Ex. 18.6

Ex. 18.6

Show how the theorem in Section 18.3.5 can be applied to regularized discriminant analysis [Section 4.14 and Equation (18.9)].

Soln. 18.6

Here we recap Section 4.5 in \cite{hastie2004efficient}, where the authors discussed applying the theorem to regularized discriminant analysis in detail.

Recall that LDA model (Section 4.3) assumes features come from a multivariate Gaussian distribution in each class \(k=1,...,K\). Each class has mean vector \(\mu_k\), but shares a common covariance matrix \(\Sigma\). The discriminant function of class \(k\) is

\[\begin{equation} \label{eq:18-6a} \delta_k(x) = x^T\Sigma^{-1}\mu_k - \frac{1}{2}\mu_k^T\Sigma^{-1}\mu_k + \log \pi_k \end{equation}\]

where \(\pi_k\) is the prior probability of class \(k\).

Parameters are estimated as

\[\begin{eqnarray} \hat\pi_k &=& \frac{n_k}{n}\non\\ \hat\mu_k &=& \frac{1}{n_k}\sum_{y_i=k}x_i\non\\ \hat\Sigma &=&\frac{1}{n-k}\sum_{k=1}^K\sum_{y_i=k}(x_i-\hat\mu_k)(x_i-\hat\mu_k)^T.\non \end{eqnarray}\]
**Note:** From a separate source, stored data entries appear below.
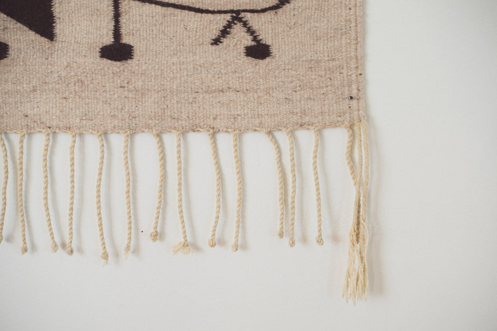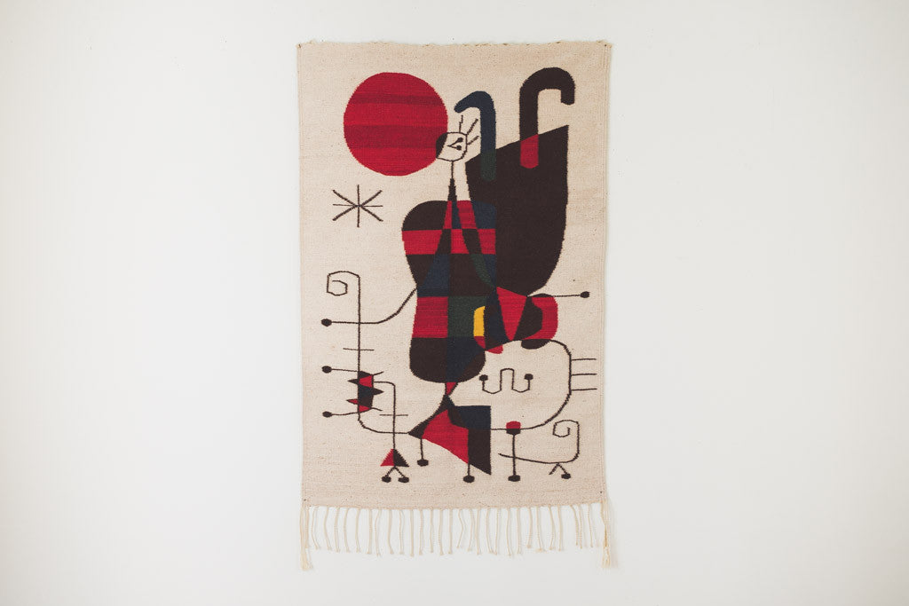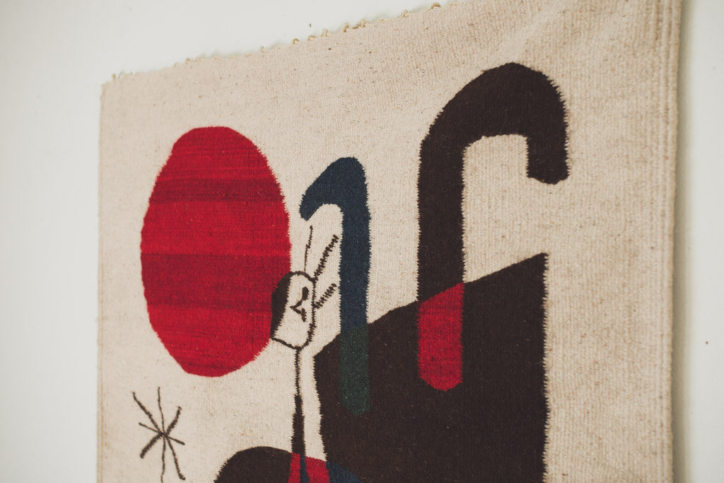 This Mid Century handwoven wool rug is of the Joan Miro painting, "Figures and Dog in Front of the Sun" from 1949. It has an abstract design with an off-white base, red, green, blue, brown and yellow accents. It's in great shape with age related wear. It could also be used as a rug. See pictures for detailed condition.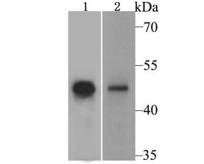| Theoretical MW | 54 kDa. Disclaimer note: The observed molecular weight of the protein may vary from the listed predicted molecular weight due to post translational modifications, post translation cleavages, relative charges, and other experimental factors. |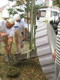 Danach ging es darum, die Vorgaben vom Garten- und Friedhofsamt von Erfurt zu erfüllen. Ein Drainageloch wurde unter der Achse ausgehoben, in welches Kies gefüllt wurde. Dieser sollte ein schnelleres Versickern des Regenwassers ermöglichen und damit Fäulnis vorbeugen.

These estimates are plugged into \(\eqref{eq:18-6a}\), which requires the inversion of a \(p\times p\) singular matrix \(\hat\Sigma\) when \(p\gg N\). Regularized overcomes the issue by replacing \(\hat\Sigma\) with

\[\begin{equation} \hat\Sigma(\gamma) = \gamma\hat\Sigma + (1-\gamma)\text{diag}(\hat\Sigma), \non \end{equation}\]

for \(\gamma \in [0,1]\).

Following the same arguments in Ex. 18.5, it's easy to show that \(\eqref{eq:18-6a}\) and its regularized version are invariant under a coordinate rotation. Hence we can once again use the SVD construction and replace the training \(x_i\) by their corresponding \(r_i\), and fit the regularized model in the lower-dimensional space. Again the \(n\)-dimensional linear coefficients

\[\begin{equation} \hat\beta_k^\ast = (\gamma\hat\Sigma^\ast + (1-\gamma)\text{diag}(\hat\Sigma^\ast))^{-1}\hat\mu_k^\ast\non \end{equation}\]

are mapped back to \(p\)-dimensions via \(\hat\beta_k = \bV\hat\beta_k^\ast\).